*** Raw data Section Begins ***
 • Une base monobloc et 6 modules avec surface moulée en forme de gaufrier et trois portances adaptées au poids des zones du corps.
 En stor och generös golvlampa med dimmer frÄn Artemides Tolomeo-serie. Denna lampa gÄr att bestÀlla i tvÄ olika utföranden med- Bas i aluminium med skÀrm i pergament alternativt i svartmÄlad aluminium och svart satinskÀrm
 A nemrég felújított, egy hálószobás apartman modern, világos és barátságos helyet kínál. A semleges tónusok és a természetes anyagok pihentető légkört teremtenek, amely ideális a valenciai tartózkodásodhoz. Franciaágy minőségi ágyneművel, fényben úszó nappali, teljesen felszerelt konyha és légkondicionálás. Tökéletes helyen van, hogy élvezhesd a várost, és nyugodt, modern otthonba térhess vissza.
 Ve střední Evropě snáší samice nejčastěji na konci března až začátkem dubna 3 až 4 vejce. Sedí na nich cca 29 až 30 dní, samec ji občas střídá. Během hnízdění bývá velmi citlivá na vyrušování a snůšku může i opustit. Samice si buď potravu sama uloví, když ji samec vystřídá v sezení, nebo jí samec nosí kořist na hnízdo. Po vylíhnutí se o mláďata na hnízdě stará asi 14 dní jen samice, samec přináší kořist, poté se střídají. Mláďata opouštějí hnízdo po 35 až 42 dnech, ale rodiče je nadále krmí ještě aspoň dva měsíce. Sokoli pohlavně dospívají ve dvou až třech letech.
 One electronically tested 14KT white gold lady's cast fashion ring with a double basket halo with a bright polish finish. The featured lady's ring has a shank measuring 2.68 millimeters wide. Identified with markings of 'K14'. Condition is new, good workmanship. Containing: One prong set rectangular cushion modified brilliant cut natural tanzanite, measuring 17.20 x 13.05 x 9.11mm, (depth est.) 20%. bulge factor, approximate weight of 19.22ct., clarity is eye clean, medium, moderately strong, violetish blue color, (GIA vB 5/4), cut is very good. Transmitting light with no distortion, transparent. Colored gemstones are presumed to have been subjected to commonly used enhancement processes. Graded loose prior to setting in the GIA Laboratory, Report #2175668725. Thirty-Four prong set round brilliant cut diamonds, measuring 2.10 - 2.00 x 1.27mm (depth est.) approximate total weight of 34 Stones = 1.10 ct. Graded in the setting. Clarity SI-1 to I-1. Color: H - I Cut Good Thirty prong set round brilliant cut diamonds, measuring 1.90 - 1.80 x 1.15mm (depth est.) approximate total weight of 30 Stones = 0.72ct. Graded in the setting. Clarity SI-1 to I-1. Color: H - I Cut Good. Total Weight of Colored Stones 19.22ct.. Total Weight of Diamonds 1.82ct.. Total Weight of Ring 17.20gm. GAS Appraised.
*** Raw data Section Ends ***
Instructions for the task.
Each record above should be returned exactly as written.

Finished task.
 • Une base monobloc et 6 modules avec surface moulée en forme de gaufrier et trois portances adaptées au poids des zones du corps.
 En stor och generös golvlampa med dimmer frÄn Artemides Tolomeo-serie. Denna lampa gÄr att bestÀlla i tvÄ olika utföranden med- Bas i aluminium med skÀrm i pergament alternativt i svartmÄlad aluminium och svart satinskÀrm
 A nemrég felújított, egy hálószobás apartman modern, világos és barátságos helyet kínál. A semleges tónusok és a természetes anyagok pihentető légkört teremtenek, amely ideális a valenciai tartózkodásodhoz. Franciaágy minőségi ágyneművel, fényben úszó nappali, teljesen felszerelt konyha és légkondicionálás. Tökéletes helyen van, hogy élvezhesd a várost, és nyugodt, modern otthonba térhess vissza.
 Ve střední Evropě snáší samice nejčastěji na konci března až začátkem dubna 3 až 4 vejce. Sedí na nich cca 29 až 30 dní, samec ji občas střídá. Během hnízdění bývá velmi citlivá na vyrušování a snůšku může i opustit. Samice si buď potravu sama uloví, když ji samec vystřídá v sezení, nebo jí samec nosí kořist na hnízdo. Po vylíhnutí se o mláďata na hnízdě stará asi 14 dní jen samice, samec přináší kořist, poté se střídají. Mláďata opouštějí hnízdo po 35 až 42 dnech, ale rodiče je nadále krmí ještě aspoň dva měsíce. Sokoli pohlavně dospívají ve dvou až třech letech.
 One electronically tested 14KT white gold lady's cast fashion ring with a double basket halo with a bright polish finish. The featured lady's ring has a shank measuring 2.68 millimeters wide. Identified with markings of 'K14'. Condition is new, good workmanship. Containing: One prong set rectangular cushion modified brilliant cut natural tanzanite, measuring 17.20 x 13.05 x 9.11mm, (depth est.) 20%. bulge factor, approximate weight of 19.22ct., clarity is eye clean, medium, moderately strong, violetish blue color, (GIA vB 5/4), cut is very good. Transmitting light with no distortion, transparent. Colored gemstones are presumed to have been subjected to commonly used enhancement processes. Graded loose prior to setting in the GIA Laboratory, Report #2175668725. Thirty-Four prong set round brilliant cut diamonds, measuring 2.10 - 2.00 x 1.27mm (depth est.) approximate total weight of 34 Stones = 1.10 ct. Graded in the setting. Clarity SI-1 to I-1. Color: H - I Cut Good Thirty prong set round brilliant cut diamonds, measuring 1.90 - 1.80 x 1.15mm (depth est.) approximate total weight of 30 Stones = 0.72ct. Graded in the setting. Clarity SI-1 to I-1. Color: H - I Cut Good. Total Weight of Colored Stones 19.22ct.. Total Weight of Diamonds 1.82ct.. Total Weight of Ring 17.20gm. GAS Appraised.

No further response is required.